內源性miR103A通過抑制RGS2的表達從而影響乳腺癌的轉移

陳欣欣，章樂虹

miRNAs在腫瘤的發生和發展過程中發揮了非 常重要的作用［1-3］。到目前為止大部分的研究證實了miRNA主要通過作用于目的mRNA的3′?UTR從而抑制其轉錄［2］，在近些年也有研究證實了miRNA能夠作用于mRNA的CDS區域或者5′UTR區域［4］，miRNA作用于目的基因啟動子的報道較少。miR103A?3p（以下稱miR103A）參與調節多個細胞過程，如細胞分裂、細胞代謝和應激、血管生成等［5，6］。然而對miRNA的研究越深入，我們發現各種信號通路可以通過不同的microRNA調控腫瘤的發生發展，相同的microRNA也可以作用不同的基因或者信號通路影響腫瘤的發生發展，因此多個調控通路及調控網絡的研究已成為microRNA在腫瘤研究中的主導方向。本研究旨在探索miR103A通過下調抑癌基因RGS2的表達進而影響乳腺癌的進展，以及miR103A與乳腺癌預后的關系。

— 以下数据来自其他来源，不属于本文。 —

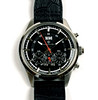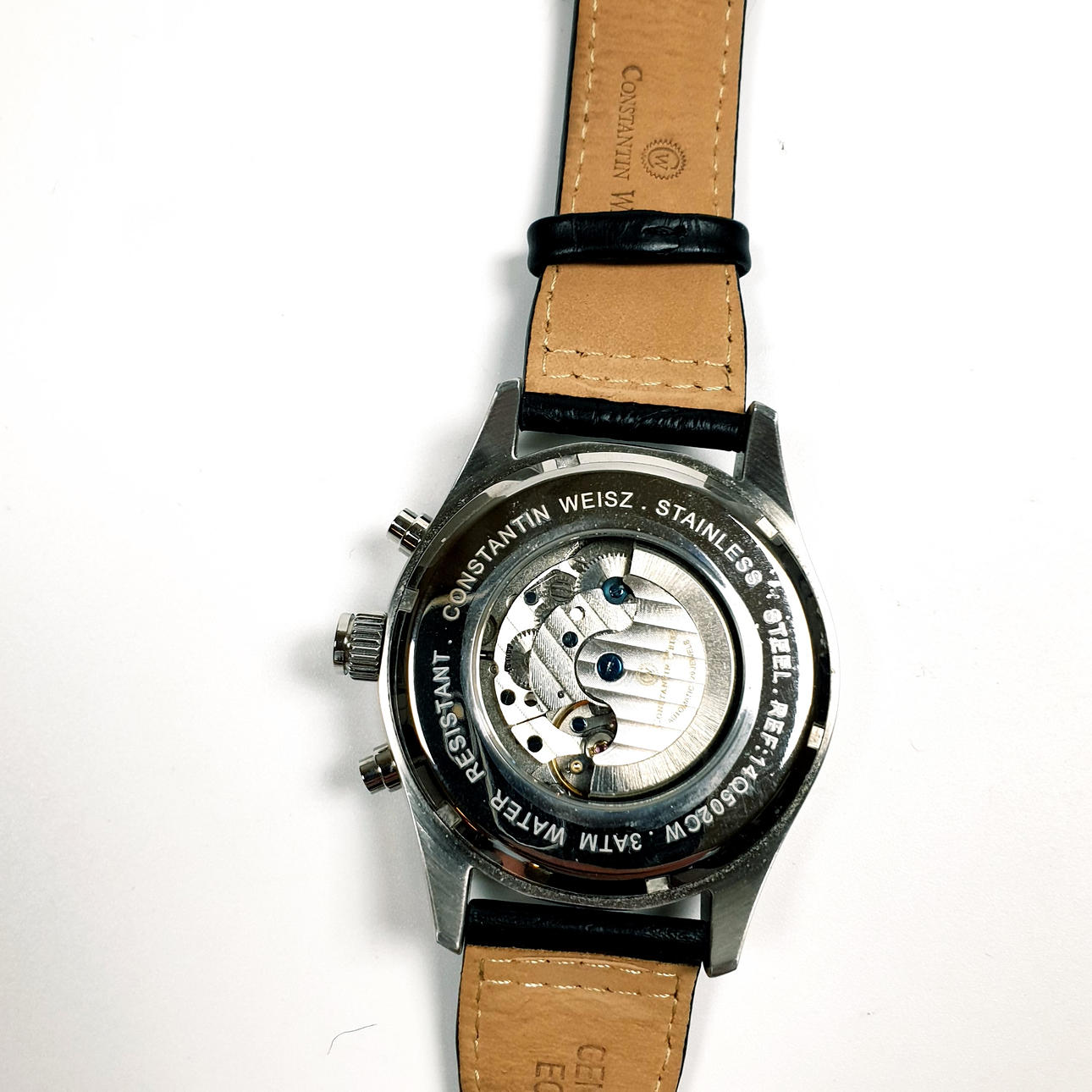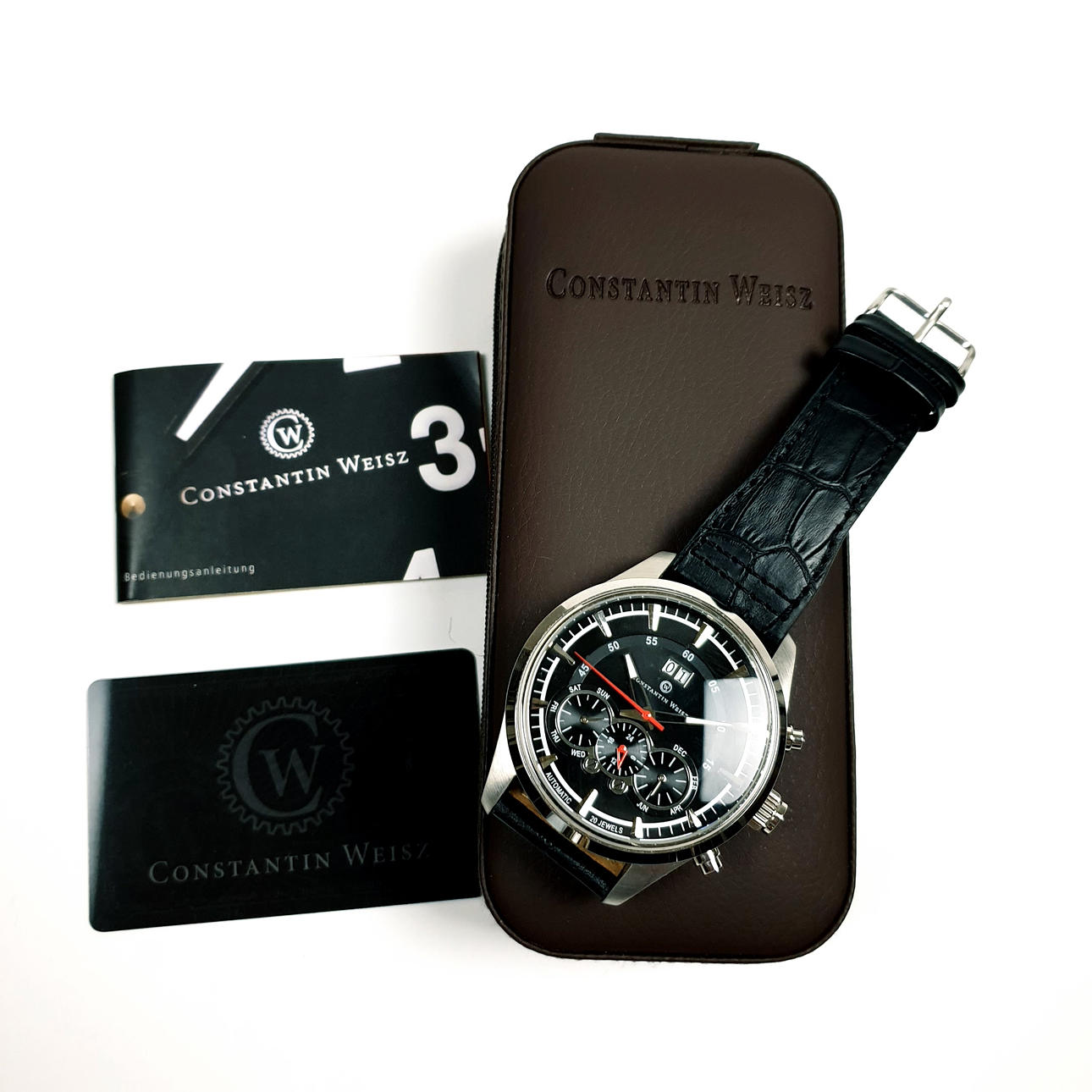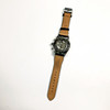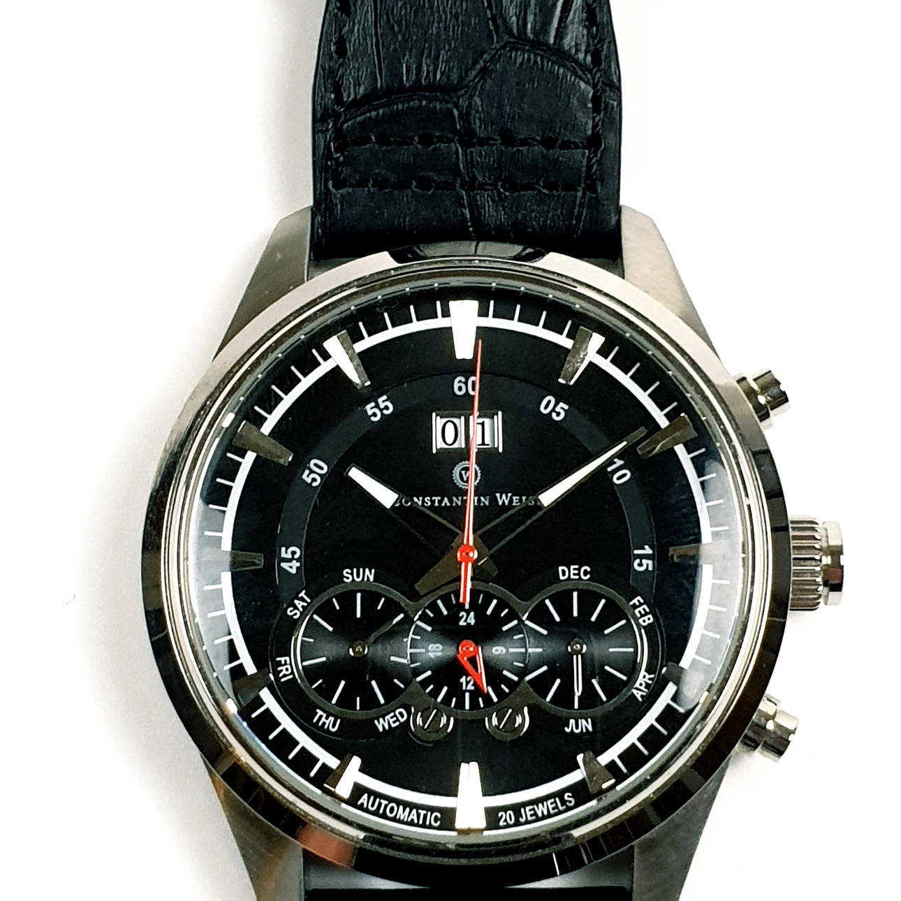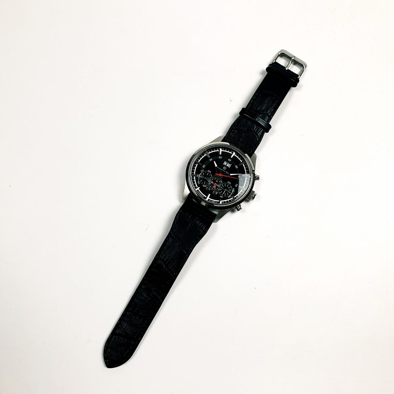 Referenz-Nr. 14Q502CW, 3ATM Water Resistent, beidseitig verglastes Stahlgehäuse, schwarzes Zifferblatt mit schlichtem Strichindex und Zeigern, zentrale Sekunde, Datumanzeige bei 12 Uhr, Wochentag und Monat sowie Stoppuhr im unterem Bereich, an schwarzem Lederarmband

RGS2（regulator of G?protein signaling 2）屬于RGS蛋白家族，是GPCR的效應因子，主要對細胞生長起到負向調控作用［7，8］，RGS2功能失調往往導致腫瘤的發生發展，以下研究探討了RGS2作為內源性miR103A靶基因，其功能受到抑制可能導致乳腺癌的進展和轉移。

1 材料和方法

1.1 熒光雙報告系統檢測miR103A對RGS2啟動子活性的影響

設置質粒組（RGS2啟動子片段的?Luc/Rluc的重組質粒），質粒+miRNA NC組以及質粒+miRNA mimics（帶有Luc/Rluc標記的報告基因和miR103A mimics）組，共轉染293 T細胞。按照每孔50 ng質粒，同時每孔20μL無血清培養基計算需用量，標記為A。配置miRNA NC/mimics的終濃度為20 nmol/L，同時每孔20μL無血清培養基計算需用量，分別標記為B、C。

1.2 標本及試劑

選取2019年1月至10月廣州醫科大學附屬第二醫院，收集的乳腺癌組織及癌旁組織樣本27對，年齡34~68歲，平均（49.6±1.56）歲，收集新鮮癌組織樣本69例，年齡28~74（51.33±1.25）。在采集樣本時已征得患者同意。納入標準：①女性；②原發性乳腺癌；④無伴發其他腫瘤；④術前未接受過放化療。排除標準：組織量太少不能進行重復試驗者。標本采集取得了廣州醫科大學附屬第二醫院倫理委員會同意。PCR引物由Life公司合成，轉染、Western Blotting及Real?Time PCR，熒光雙報告試劑盒從日本TAKARA公司購買，RGS2抗體從英國Abcam公司購買，miRNA mimics由上海吉瑪公司合成。

1.3 樣本處理

將手術切除的乳腺癌組織及正常乳腺癌組織切成2 mm厚度后分裝事先做好標記的凍存管中并放入液氮中保存。使用時將約100 g組織切片在液氮中研碎后融入1 mL的Trizol中裂解后提取總RNA行qRT?PCR檢測。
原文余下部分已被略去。